I'm priming the cabinet doors today and will post a pic loaded.


----------



## Repaint Florida

epretot said:


> I made two. 10.00 each. No it doesnt tip. I set the upright back as far as possible. However, if it were a problem, the length of the base could be increased. It's 24 inches now.
> 
> I'm priming the cabinet doors today and will post a pic loaded.


wait a minute .... today's Sunday

spend time with your family, go fishing, have a cold beer just no work


----------



## Rbriggs82

Repaint Florida said:


> wait a minute .... today's Sunday
> 
> spend time with your family, go fishing, have a cold beer just no work


Wish I could join you RF but I've just got too much to do.


----------



## Rbriggs82

If you can duplicate the door rack painter you'll be a happy camper. :yes: It's by far the best rack system I've ever used, and having the ability to paint both sides at the same time is a huge time saver. 

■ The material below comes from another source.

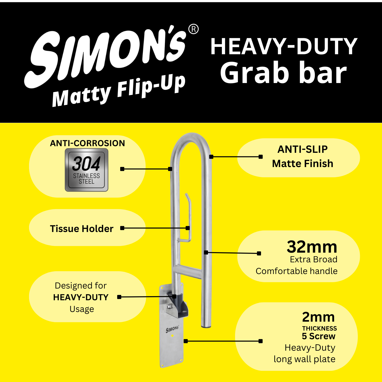 - Folding Grab bar: Simon’s Grippy Flip-up Heavy-Duty Grab bar is suitable for usage by the elderly and patients requiring support to rise from a sitting position in the toilet or to get up after a seated bath. The Matty folding Grab bar can be fixed next to the commode and can be easily placed down 90 degrees for usage and flip back and locked to the original position after usage, this would save space and enable easy movement.

Sent from my LG-H810 using Tapatalk


----------



## epretot

Rbriggs82 said:


> If you can duplicate the door rack painter you'll be a happy camper. :yes: It's by far the best rack system I've ever used, and having the ability to paint both sides at the same time is a huge time saver.
> 
> Sent from my LG-H810 using Tapatalk


I could not agree more. I plan to make the frame from wood. As long as I can get accurate repeatable bends in the rod, it should be successful.


----------



## Rbriggs82

epretot said:


> I could not agree more. I plan to make the frame from wood. As long as I can get accurate repeatable bends in the rod, it should be successful.

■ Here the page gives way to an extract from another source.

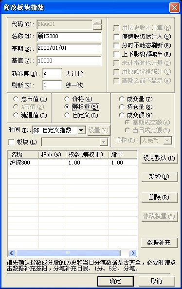 我用沪深300指数,又做了一个自定义指数,见图

I can measure the length of the rods for you and get an up close picture of the angle if you'd like. 

Sent from my LG-H810 using Tapatalk


----------



## epretot

Rbriggs82 said:


> I can measure the length of the rods for you and get an up close picture of the angle if you'd like.
> 
> Sent from my LG-H810 using Tapatalk


That would be awesome.


----------



## Jmayspaint

Somebody sent me this pic the other day of a homemade drying rack made out of crib rails.
















I thought it was pretty neat. 

I'll take a pic of my homemade drying rack later, have to go the shop to get ready for tomorrow. 

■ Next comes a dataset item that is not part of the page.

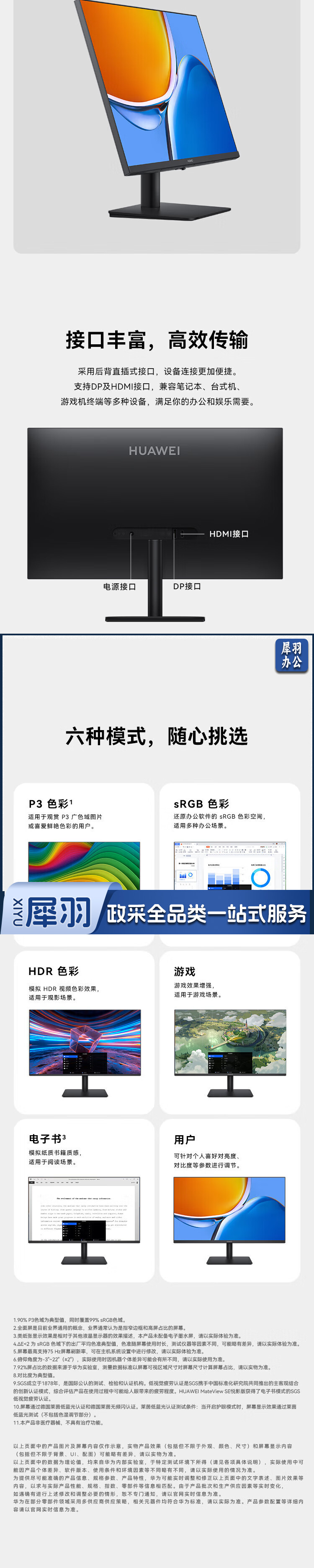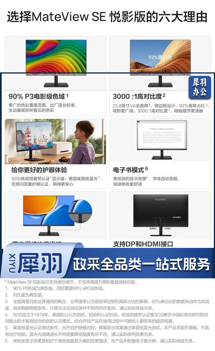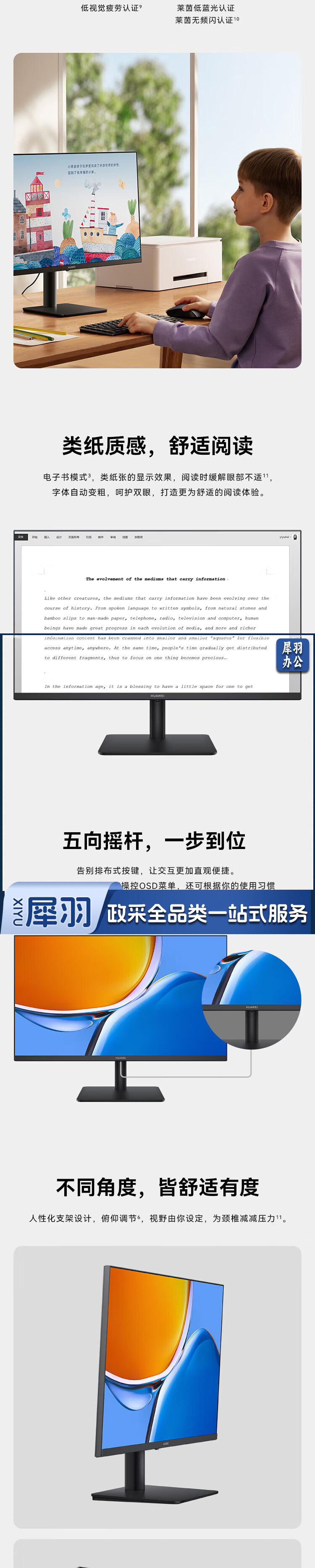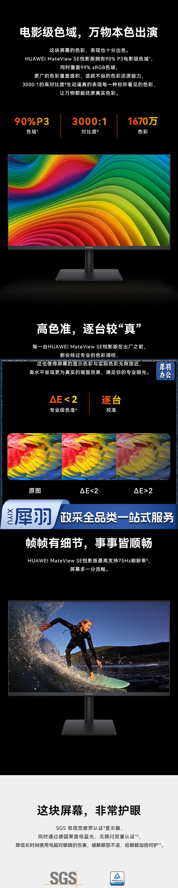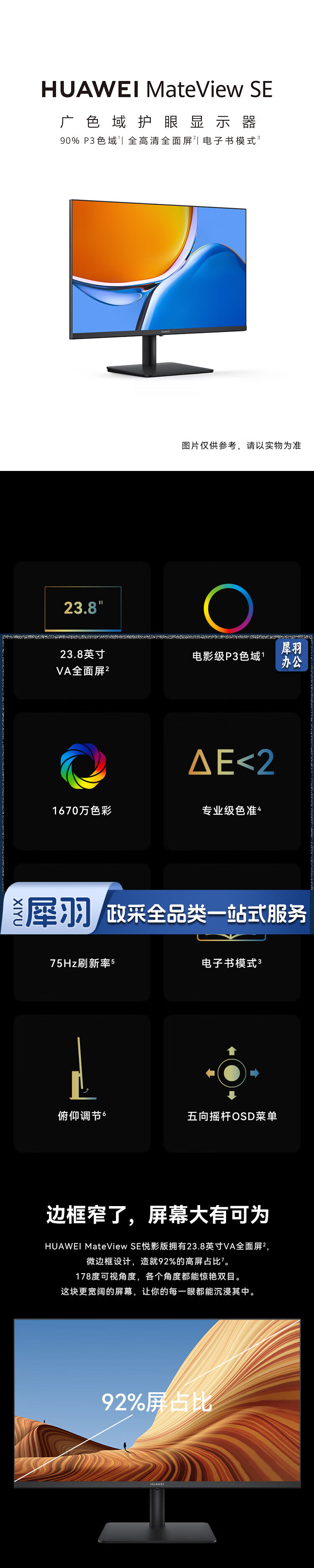 华为MateViewSE悦影版显示器23.8英寸VA全面屏90%P3广色域低蓝光无频闪电子书模式电脑办公(单位:台)

Edit: wet doors drying on the lawn isn't so neat, but you get the idea


----------



## Rbriggs82

I get a pic for you and measurements for you tomorrow. You have to drill the hole all the way through the rack so the pins can side to adjust to different sized doors on the rack. There's also plastic caps at the end of each pin to prevent it from siding through. 

Sent from my LG-H810 using Tapatalk


----------



## epretot

Loaded


----------



## BPC

In the middle of doing almost the same set up i am just putting mine on a furniture dolly to move around the shop.


----------